Strangers in Paradox: Explorations in Mormon Theology

Strangers in Paradox is a stimulating and sometimes aggravating book. Its chapters, divided among five parts, are interrelated essays about deity and humanity; the first two essays are introductory, the next seventeen cumulative, and the last four supplementary. Its authors, a wife-husband team, are specialists in the humanities, Hebrew, and law and are knowledgeable about the popular “alternate voices” in the Sunstone sphere of contemporary Mormonism. The Toscanos modestly affirm that “this is not a systematic theology, nor is it reflective of mainstream Mormon thought” (xi). They successfully accomplish their goal “to be clear and thought-provoking without being strident or dogmatic” (xi).
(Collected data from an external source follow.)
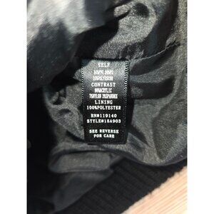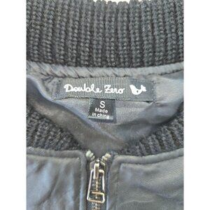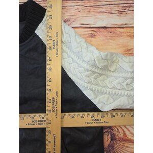Double Zero Womens Black Faux Leather Jacket Small Cream Cable Knit Sleeves
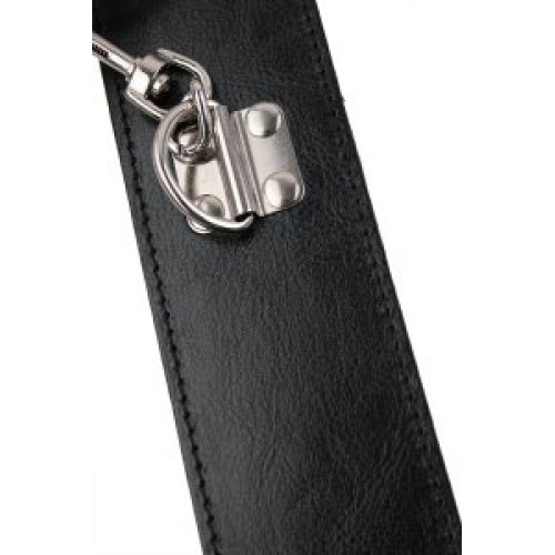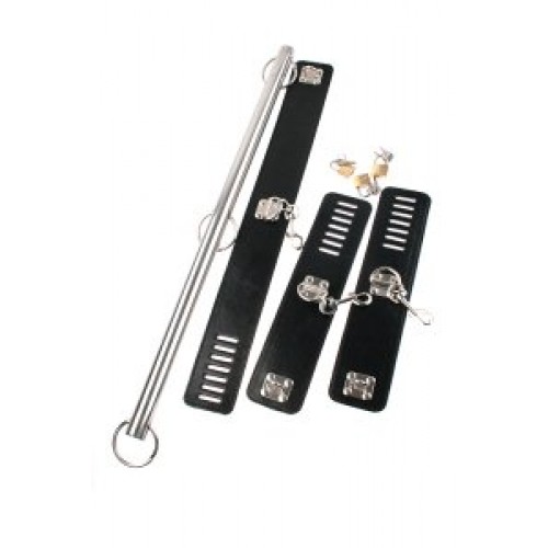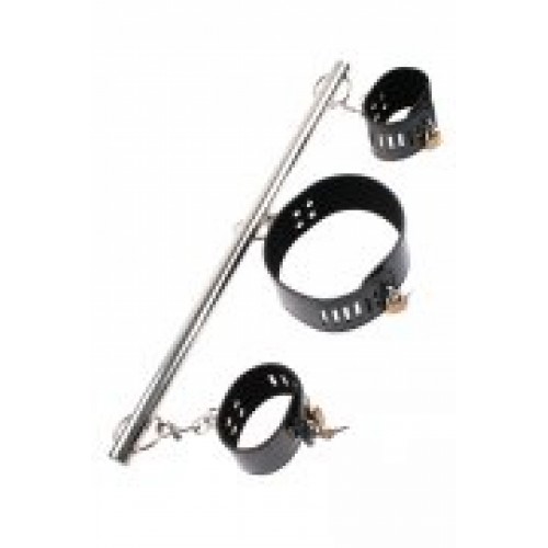 К стальной распорке, с помощью карабинов, прикреплены ошейник и наручники с регулируемым размером.
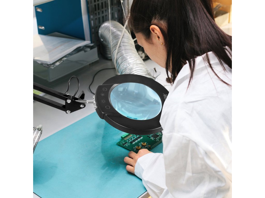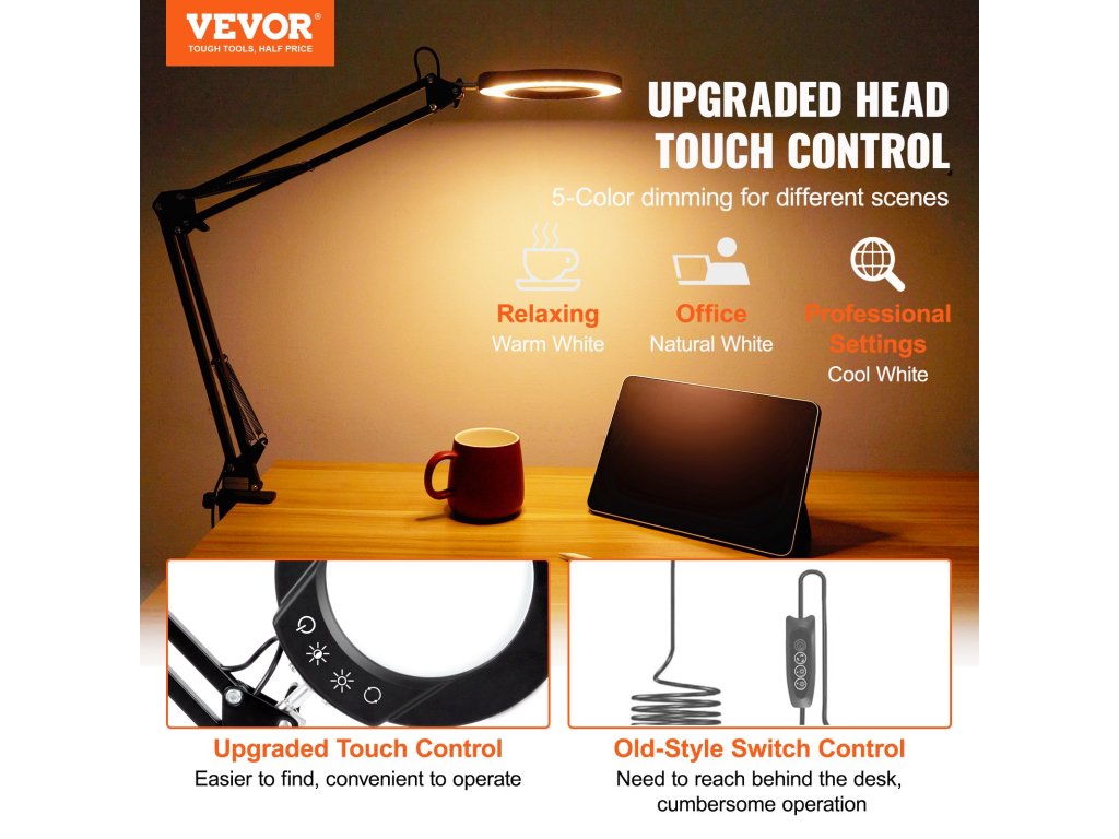 - Dotykové ovládání Smart Head: Rozlučte se s hrabáním se ve spínačích! Naše lupa se světlem je vybavena nejnovější technologií dotykového ovládání hlavy, která vám umožňuje bez námahy upravit teplotu barvy a jas světla pouhým jemným klepnutím. Už žádné starosti s hledáním vypínače za stolem – vše máte na dosah ruky!
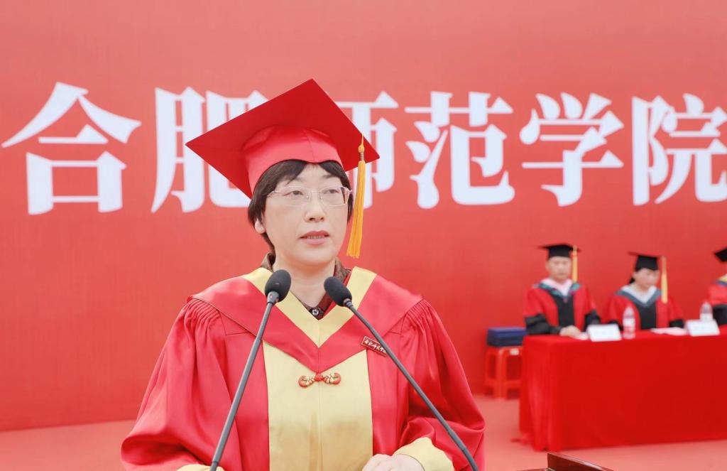 方东玲致辞,她代表学院向毕业生们送上真挚的祝福和美好的祝愿,向倾情陪伴同学们成长的父母亲友、悉心教导同学们成才的全体老师,致以崇高的敬意和衷心的感谢。她回顾了同学们在校期间学院的发展成就,赞扬了同学们所取得的优异成绩,指出,同学们与奋进的合师同风雨、齐奋斗、共担当,用青春实践,为奋进合师增添了一道道夺目的光彩!

Among the many provocative ideas in what critics may dismiss as simply a brief for giving women the priesthood is this: “Because godhood is the highest and final dimension of priesthood and because godhood is male and female, it follows that priesthood must be male and female as well” (152).

The intriguing title derives from Joseph Smith’s 1844 assertion that “by proving contraries, truth is made manifest” (1, citing History of the Church 6:428). Accepting a definition of paradox as a statement that seems contradictory but may be true in fact, the Toscanos have written a book to show that “by examining various, even contrary views, new truths may be revealed” (1). Many of the contraries discussed in the book do not qualify semantically as paradoxes, being propositions in conflict (salvation is by grace, not works) rather than internally contradictory propositions (Jesus is God and man). With some exceptions, the authors’ method is to transform “either/or” conflicts between religious ideas into “both/and” amalgams: “It is not in the elimination of extremes that life comes forth, but in their tension and balance, where contraries come into accord” (248). Readers will differ on the plausibility of the results, but they are frequently reminded that individual freedom, one of the book’s central themes, gives them that right. The Toscanos speak only for themselves, and they “reserve the right to change [their] minds, even on fundamentals” (15).